Start of SOURCE MATERIAL

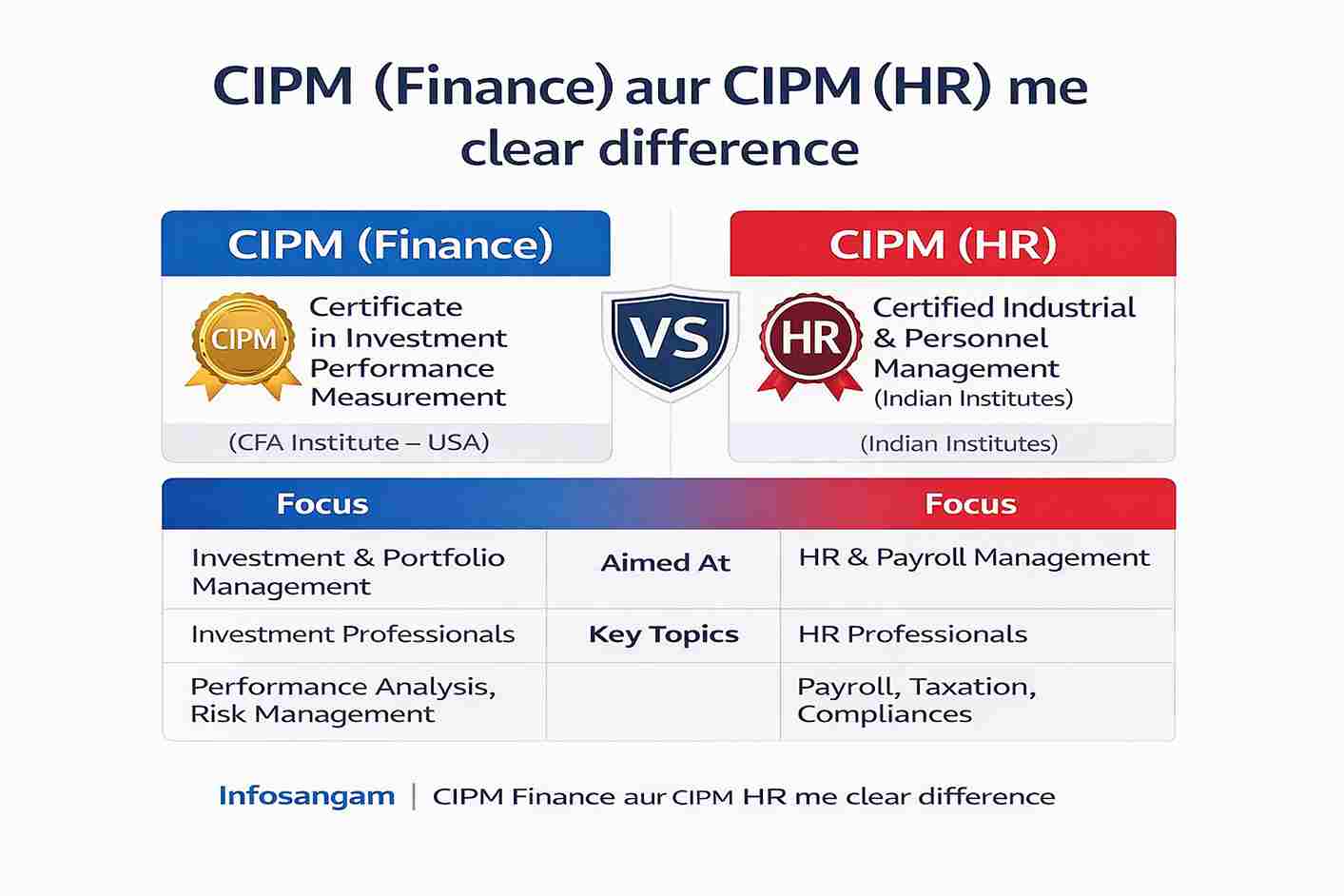 इस लेख में यह पूरी तरह स्पष्ट किया गया है कि Finance CIPM और HR CIPM दो बिल्कुल अलग courses हैं। Finance CIPM investment performance, portfolio analysis और global reporting standards पर आधारित है, जबकि HR CIPM human resource और labour law से जुड़ा होता है। दोनों का scope, recognition और career outcome अलग-अलग होता है, इसलिए सही course चुनना सबसे पहला और सबसे महत्वपूर्ण कदम है।
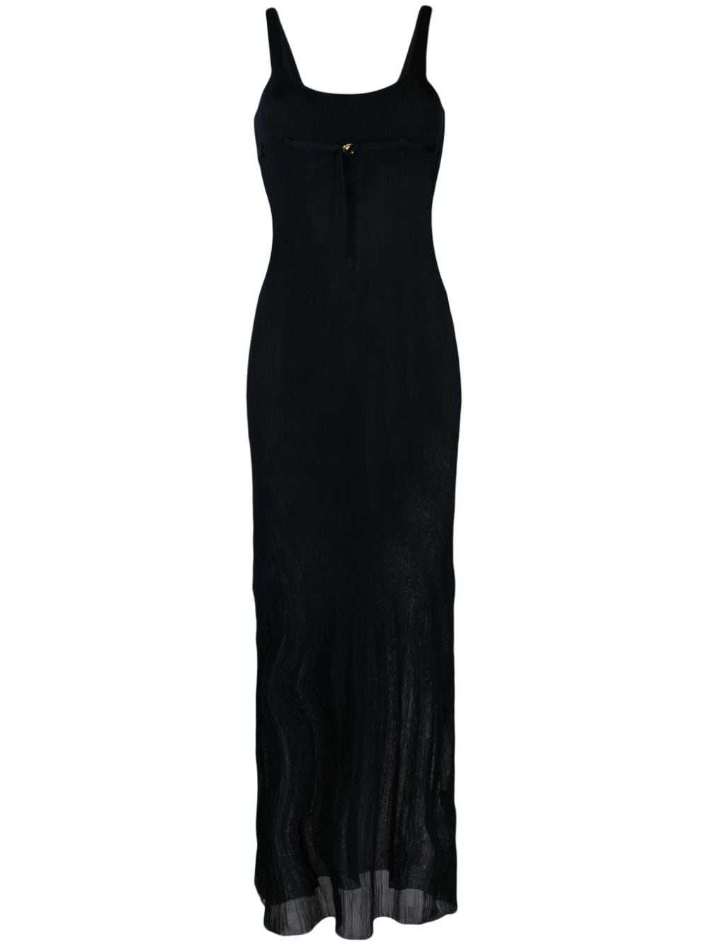 La Robe Maille Oranger dress Jacquemus puts a characteristically daring spin on knitwear with this maxi dress, crafting it from a sheer ribbed knit that juxtaposes the opaque bodice. It boasts an adjustable D-ring belt under the bust, a subtle finishing detail. Highlights - Navy blue - Recycled polyester blend - Ribbed knit - Sheer - Gold-tone hardware - Scoop neck - Thin shoulder straps - D-ring buckle belt - Floor-length - Straight hem Made in Italy Composition Recycled Polyester 78%, Polyester 14%, Polyamide 8% SIZE & FIT Model measurements Height 5 ft 9 in(1.76 m) Bust/Chest 31.88 in(81 cm) Hips 35.43 in(90 cm) Waist 24.8 in(63 cm) FittingInformation Designed for a close fit throughout Made with a midweight knit, this piece offers some stretch This piece fits true to size – take your usual size
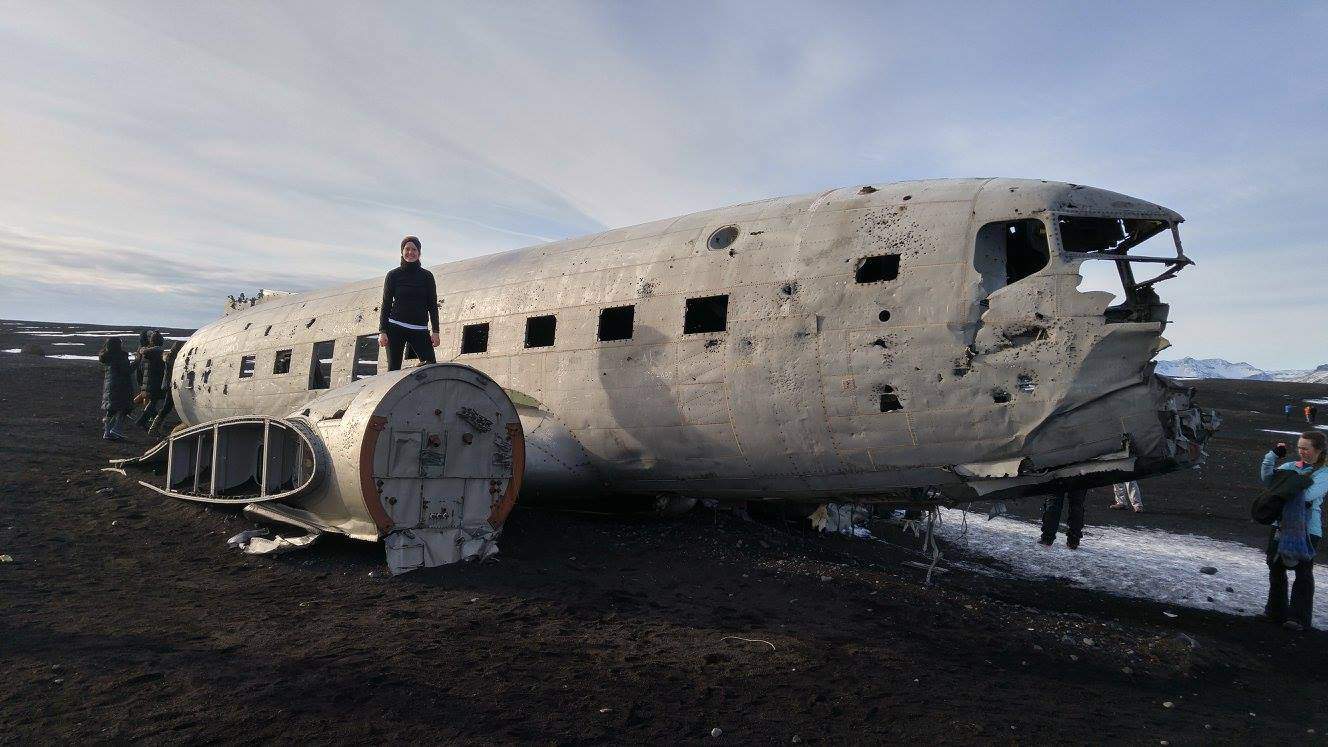 We dried off (again) and headed for the plane crash on the beach near Vik. The internet made this sound like a well-kept secret and the entrance to find it very difficult, so we drove past a huge parking lot three times before we figured out it had changed since the blogs we read were posted. Honestly, the hike to the crash site was terrible. An hour long down a featureless-black sandy-nothing to see-occasionally a big rock road, slowly getting further from the mountains and closer to the ocean (very slowly). We suggest an enterprising local could make a fortune ferrying people back and forth in a wagon! We got to the plane crash to find it covered in tourists, so we snapped a few pics and looked around inside, then continued on to the ocean.
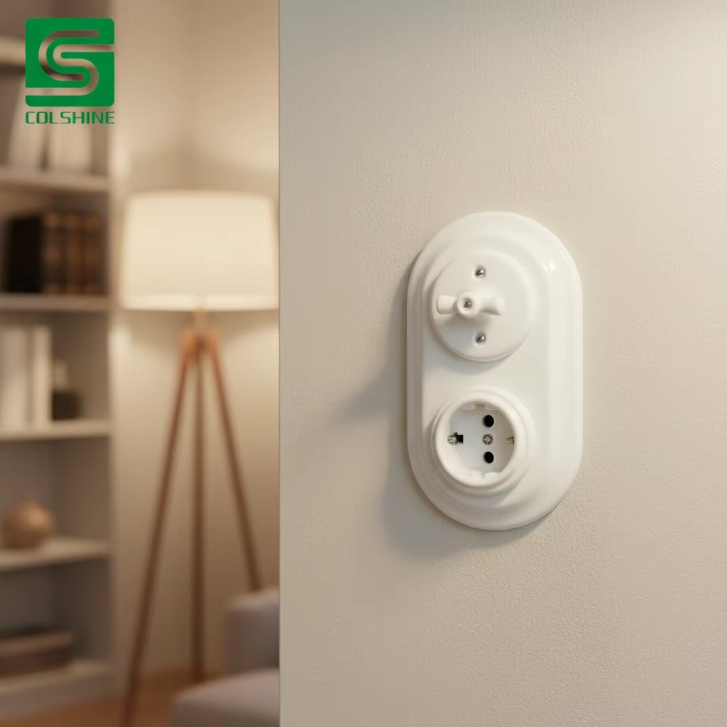 Colshine Retro Switch with Frame Wholesale #retroswitch #retrosocket #porcelainswitch #porcelainsocket #ceramicswitch #ceramicsocket #colshine #homedesign #homedecor #katypaty #fabriccable #textilecable #lightingcable #diylighting #diylighting #porcealin #ceramic #zangra #nordic
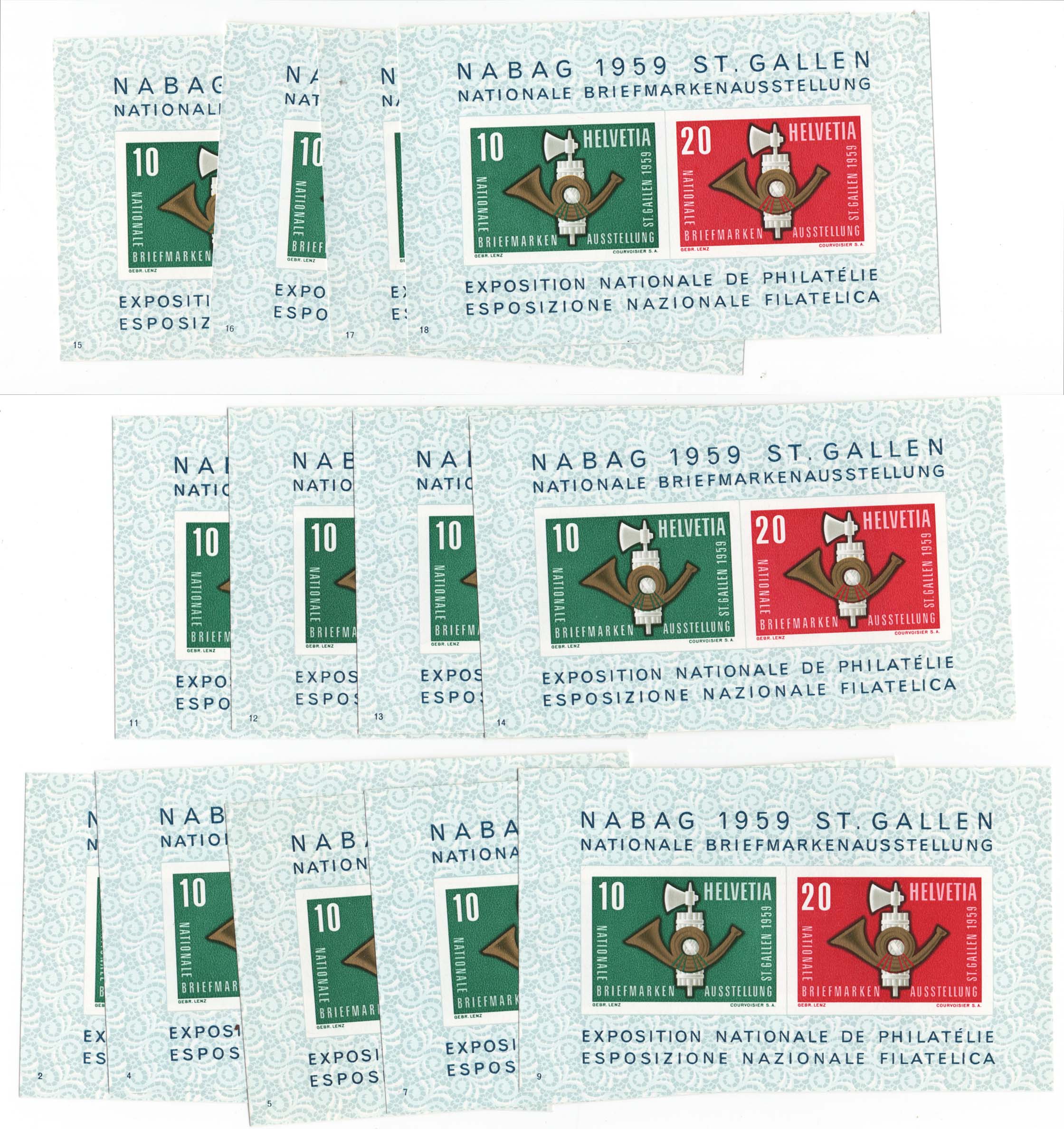 Switzerland 1959 NABAG m/sheet sg600a x 13 copies unmounted mint all with different numbers in bottom left corner cat £273 [ref: 292/1088 saD/6g0363]

End of SOURCE MATERIAL

** TASK GOAL **
When copying the listing above, begin at its first line and stop after the line with "La Robe Maille", keeping each line exact and dropping the pictures.

** TASK OUTPUT **
 इस लेख में यह पूरी तरह स्पष्ट किया गया है कि Finance CIPM और HR CIPM दो बिल्कुल अलग courses हैं। Finance CIPM investment performance, portfolio analysis और global reporting standards पर आधारित है, जबकि HR CIPM human resource और labour law से जुड़ा होता है। दोनों का scope, recognition और career outcome अलग-अलग होता है, इसलिए सही course चुनना सबसे पहला और सबसे महत्वपूर्ण कदम है।
 La Robe Maille Oranger dress Jacquemus puts a characteristically daring spin on knitwear with this maxi dress, crafting it from a sheer ribbed knit that juxtaposes the opaque bodice. It boasts an adjustable D-ring belt under the bust, a subtle finishing detail. Highlights - Navy blue - Recycled polyester blend - Ribbed knit - Sheer - Gold-tone hardware - Scoop neck - Thin shoulder straps - D-ring buckle belt - Floor-length - Straight hem Made in Italy Composition Recycled Polyester 78%, Polyester 14%, Polyamide 8% SIZE & FIT Model measurements Height 5 ft 9 in(1.76 m) Bust/Chest 31.88 in(81 cm) Hips 35.43 in(90 cm) Waist 24.8 in(63 cm) FittingInformation Designed for a close fit throughout Made with a midweight knit, this piece offers some stretch This piece fits true to size – take your usual size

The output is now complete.